Example 9 (Instant invention)
Preparation of Cefuroxime sodium by Sodium-2-ethyl hexanoate route with Buffer
100g of Cefuroxime acid was added to a mixture of 1500 ml of acetone & 400 ml of methanol. The reaction mixture was stirred at 20°C-25°C temperature. Then Sodium dihydrogen phosphate buffer solution (3.6g Sodium dihydrogen phosphate into 150ml of water for injection) was slowly added to this reaction mixture. Then 6.0g of activated carbon was added to this reaction mixture and stirred. The reaction mixture was filtered through Hyflo bed followed by micron filter & washed with 200 ml of acetone. Then Sodium-2-ethyl hexanoate (SEH) solution (42g SEH into 450 ml acetone) was slowly added to this reaction mixture and stirred the crystallized reaction mass.

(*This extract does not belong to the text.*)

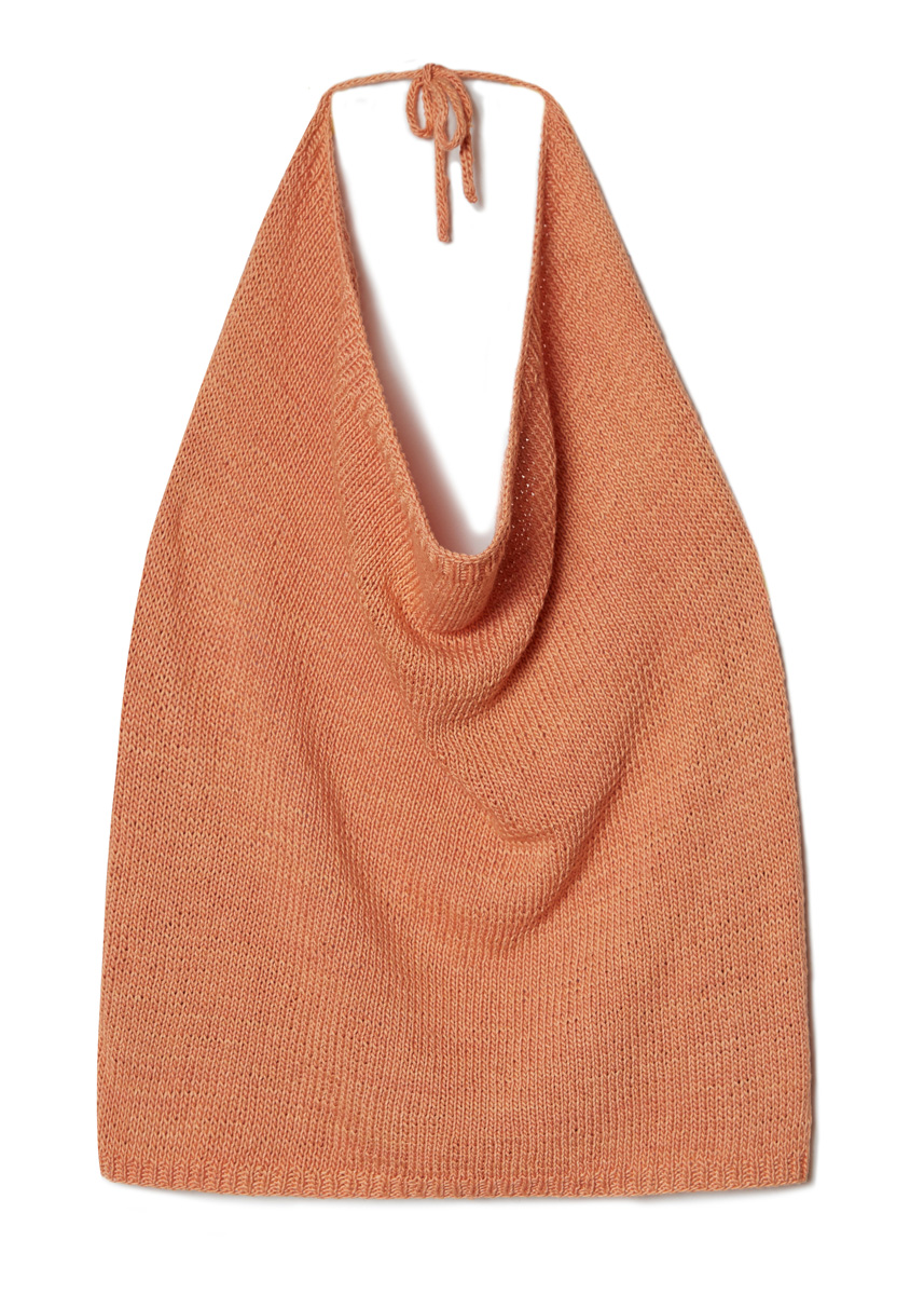 Lana Grossa-Qualität „Solo Lino” (80 % rec. Leinen (Viskose), 20 % Leinen, LL = ca. 120 m/50 g): ca. 200 (250) g Lachs (Fb. 63); 1 Rundstricknadel Nr. 3,5, 80 cm lang, für die Kordeln 2 Spielstricknadeln Nr. 3,5.

The product Cefuroxime sodium was filtered and dried in vacuum tray dryer.
Yield- 1.00 w/w
pH of Cefuroxime sodium: 6.67
Color Value @450nm of Cefuroxime sodium: 0.073
,CLAIMS:1. A process for the preparation of Cefuroxime sodium of Formula II

comprising the steps of:
(i) mixing Cefuroxime acid of Formula I with solvent;

(ii) adding Buffer to the reaction mixture;
(iii) optionally heating the reaction mixture;
(iv) optionally adding activated carbon to the reaction mixture;
(v) filtering the reaction mixture;
(vi) optionally heating the reaction mixture;
(vii) adding salt forming agent to the reaction mixture; and
(viii) isolating Cefuroxime sodium of Formula II.

2. The process as claimed in claim 1, wherein solvent in step (i) is selected from the group comprising of alcohol, ketone, water or mixture thereof.

3. The process as claimed in claim 2, wherein alcohol is selected from the group comprising of methanol, ethanol, 1-propanol, isopropyl alcohol, butanol, isobutyl alcohol, tert-butanol and mixture thereof.

4. The process as claimed in claim 2, wherein ketone is selected from the group comprising of acetone, methyl ethyl ketone, methyl iso-butyl ketone and mixture thereof.

5. The process as claimed in claim 1, wherein solvent in step (i) is mixture of methanol, acetone and water.

6. The process as claimed in claim 1, wherein Buffer in step (ii) selected from the group comprising of disodium hydrogen phosphate, sodium di-hydrogen phosphate, di-potassium hydrogen phosphate, potassium di-hydrogen phosphate, di-ammonium hydrogen phosphate, ammonium di-hydrogen phosphate, ACES Buffer, PIPES Buffer, MOPS Buffer, MOPSO Buffer, 2,6-lutidine.

7. The process as claimed in claim 1, wherein Buffer in step (ii) is disodium hydrogen phosphate.

8. The process as claimed in claim 1, wherein heating in step (iii) is carried out at temperature from 25oC-40oC.

9. The process as claimed in claim 1, wherein salt forming agent in step (vii) is selected from the group comprising of sodium 2-ethyl hexanoate, sodium 2-ethyl heptanoate, sodium 2-ethyl octanoate, sodium 2-ethyl nonanoate.

10. A process for the preparation of Cefuroxime sodium of Formula II

comprising the steps of:
(i) mixing Cefuroxime acid of Formula I with methanol, acetone and water;

(ii) adding disodium hydrogen phosphate Buffer to the reaction mixture;
(iii) optionally heating the reaction mixture;
(iv) optionally adding activated carbon to the reaction mixture;
(v) filtering the reaction mixture;
(vi) optionally heating the reaction mixture;
(vii) adding sodium-2-ethyl hexanoate to the reaction mixture; and
(viii) isolating Cefuroxime sodium of Formula II.